Instant noodles were invented in the 1950s by the Japanese inventor Momofuku Ando, then marketed by Nissin under the name Chikin Ramen (Chicken Ramen). In 1971, Nissin went on to combine their instant noodle invention with disposable cup packaging and a delicious flavor packet, producing the Japanese cup ramen we love today.
As an easy and delicious meal, the noodles-in-a-cup became an instant hit in Japan, and soon after, around the world. Cup ramen is so popular in Japan that there’s even a cup noodle museum dedicated to them. Meanwhile, the country’s leading cup noodle companies, like Nissin Foods and Maruchan, have produced hundreds of different flavors.
With so many flavors, it can be hard to choose which ones to try, so we’ve done the sorting for you. From the miso ramen of northern Japan to the bone-broth soup of the south, we’ve narrowed down the 8 best cup ramen of every type!
Nissin’s chicken-flavored instant cup noodles were the flavor that began the ramen craze back in 1971. The world’s first ramen flavor is still a consistent best-seller, both in Japan and internationally. The vegetables and chewy instant noodles are steeped in a rich chicken broth, for the ultimate comfort food. It’s like Japan’s version of chicken noodle soup.
For some extra protein you can crack a raw egg in too before adding the hot water — Nissin even put an indent in the center of the noodles just for that purpose.
Hakata, in the prefecture of Fukuoka, is famous for its pork bone broth ramen, and out of all the ramen shops in town, Ippudo is considered one of the best. The creamy bone broth, combined with wood-ear mushrooms, scallions, and the Hakata ramen specialty, slightly sweet barbecue pork
Seven-Eleven, Nissin, and the Michelin-starred restaurant Nakiryu have all teamed up to produce the world’s first Michelin-star instant ramen. The instant noodles reproduce the restaurant’s signature tangy broth, which includes the nutty flavor of sesame paste with a hint of heat from chili spice.
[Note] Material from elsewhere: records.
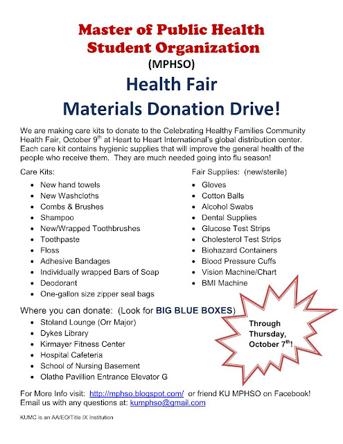 Where you can donate: (Look for BIG BLUE BOXES) Stoland Lounge, Dykes Library, Kirmayer Fitness, Hospital Cafeteria, and monetary donations go to the MPH Office in Wescoe 5021 (checks made out to Heart to Heart International)
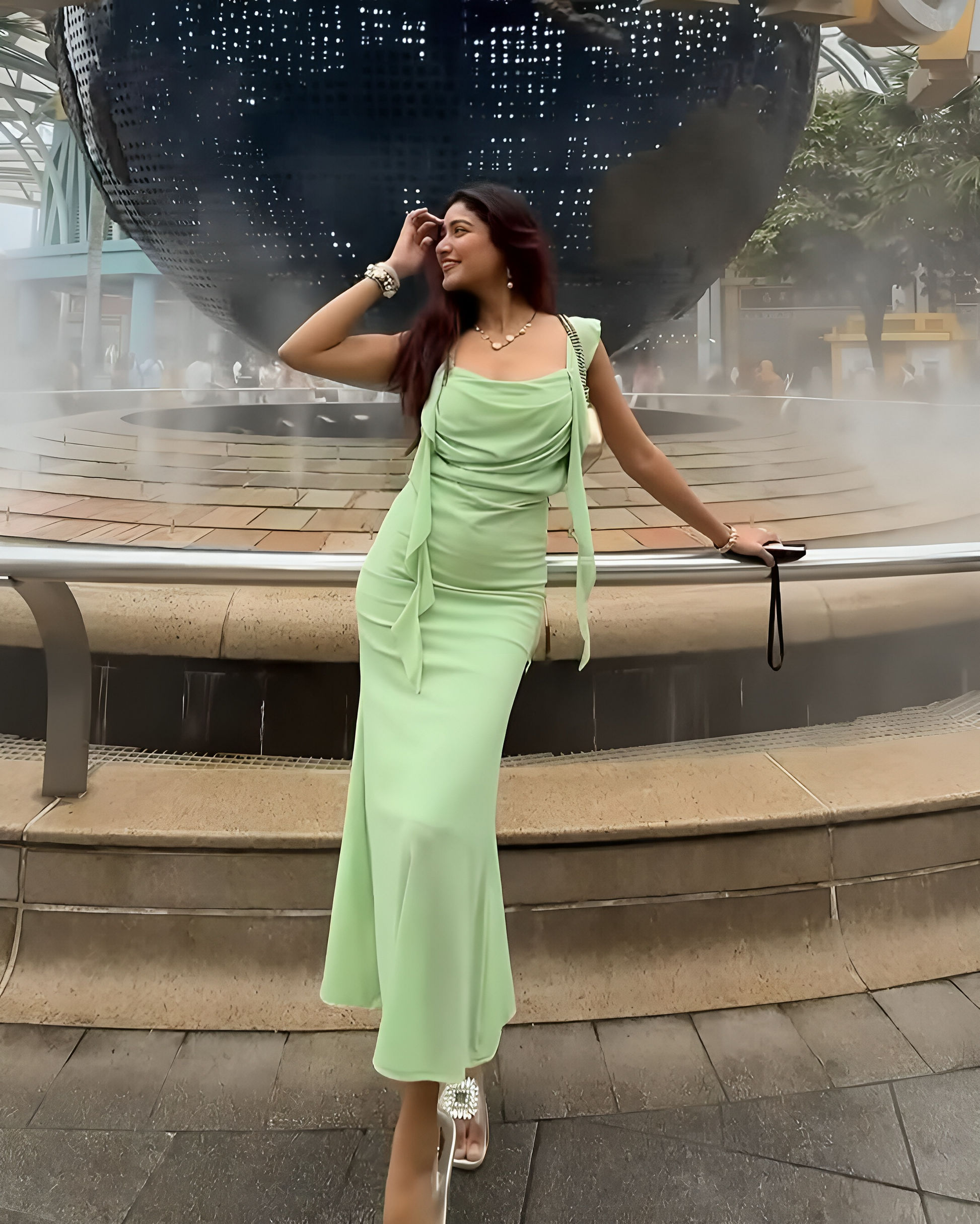 The Ruffle Dress in Red Lycra is a bold and playful addition to your wardrobe, designed to make a statement with every wear. Crafted from high-quality lycra fabric, this dress provides a form-fitting silhouette that comfortably hugs your body while offering the perfect amount of stretch for freedom of movement.
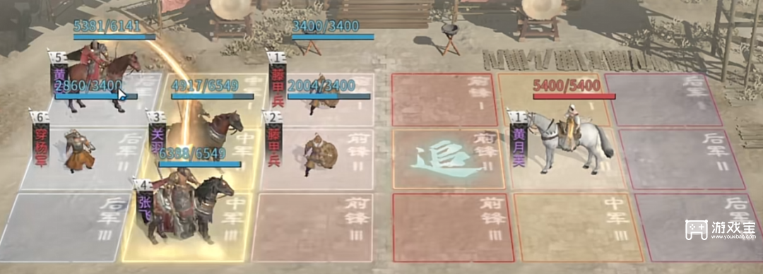 2、第二关黄月英,我们用黄忠、关羽、张飞,技能如下:
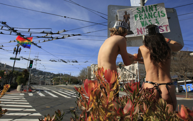 미국 샌프란시스코의 공중 나체금지 조례 제정 2주년인 1일(현지시간) 벌거벗은 두 남녀가 카스트로 구역 광장의 전봇대에 항의 시위를 알리는 포스터를 붙이고 있다.연합뉴스
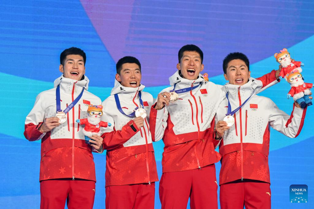 Bronze medalists Hu Weiyao, Wu Hantu, Yan Xingyuan and Gu Cang (L to R) of China react at the awarding ceremony for the biathlon men's 4x7.5km relay match at the 9th Asian Winter Games in Harbin, northeast China's Heilongjiang Province, Feb. 13, 2025. (Xinhua/Lian Zhen)
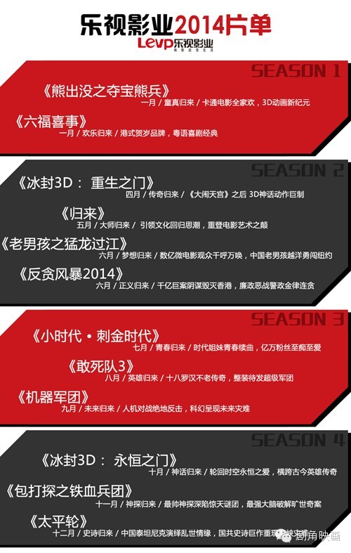 3月13日下午,乐视影业在京召开年度峰会。会上宣布陆川正式签约该公司。张艺谋也现身峰会,称《归来》将制作IMAX4K版,这也将是国内首部采用IMAX4K技术制作的影片。乐视影业还公布了2014年完整片单,包括《冰封•重生之门》、《敢死队3》、《小时代3》、《太平轮》、《老男孩之猛龙过江》等,预计年票房30亿元。

It’s often difficult for vegans to find ramen that doesn’t contain any meat products. Even the broth can contain pork or milk extracts. However, the vegan T’s restaurant in Jiyugaoka is famous for its vegan tantanmen, a Szechuan-style ramen with a rich broth of peanut powder, sesame paste, and chili oil. The shop also serves a vegan version of tonkotsu ramen, the pork bone broth-based noodles.
T’s is a great option and one of the best Tokyo vegan restaurants. Now, T’s Restaurant has launched a line of vegan cup ramen noodles including the shop’s delicious meat-free tantanmen. You can purchase the vegan cup noodles at Natural Lawson’s convenience stores across Japan. T’s Restaurant is definitely a great option for those looking for Japanese vegan cup ramen or any Tokyo vegan restaurants too!
Tokyo’s spicy ramen shop Moko Tantanmen Nakamoto collaborated with Seven-Eleven to produce one of Japan’s most popular cup ramen flavors. In fact, it’s so popular it ranked first on the convenience store’s 2018 ramen ranking!
The cup noodles include tofu, cabbage, and carrots, all steeped in spicy broth, whose deep flavor comes from its miso base and sesame oil topping. If the spice is too much for you, you can add a sprinkle of cheese, for some extra-tasty umami (savoriness). But for those who can’t get enough of the heat, it’s one of the spicy cup ramen brands you have to try!
Seafood is one of the 5 bestselling cup noodle flavors in Japan, for good reason. If you’re a fan of seafood, then you’ll love this cup ramen topped with surimi (a minced fish paste) made from fish, squid, and crab flavors, all immersed in a thick seafood and pork-based broth. For a red-hot take on the classic seafood cup noodle, check out the spicy Red Seafood Flavor too!
Hokkaido, Japan’s northernmost prefecture, specializes in thick, miso-based ramen, perfect for staying warm during the region’s snowy nights. Sapporo, the region’s capital, is home to some of the best-known miso-based ramen restaurants in Japan, including Sumire. Sumire collaborated with Nissin to bring their special broth to homes around Japan and the world, with these miso-based cup noodles. The grilled miso adds extra depth of flavor to the noodle’s broth, which pairs perfectly with a piquant and citrusy sansho pepper topping.
The original instant noodle brand, Nissin, makes another appearance. These noodles perfectly reproduce the bouncy texture and rich flavor of Tokyo’s best hole-in-the-wall ramen shops. Pork, green onions, and noodles are steeped in the shoyu (soy sauce)-based broth’s mouth-watering umami. The Raoh soy-sauce flavor noodles may just be the best restaurant-quality cup ramen you can make at home.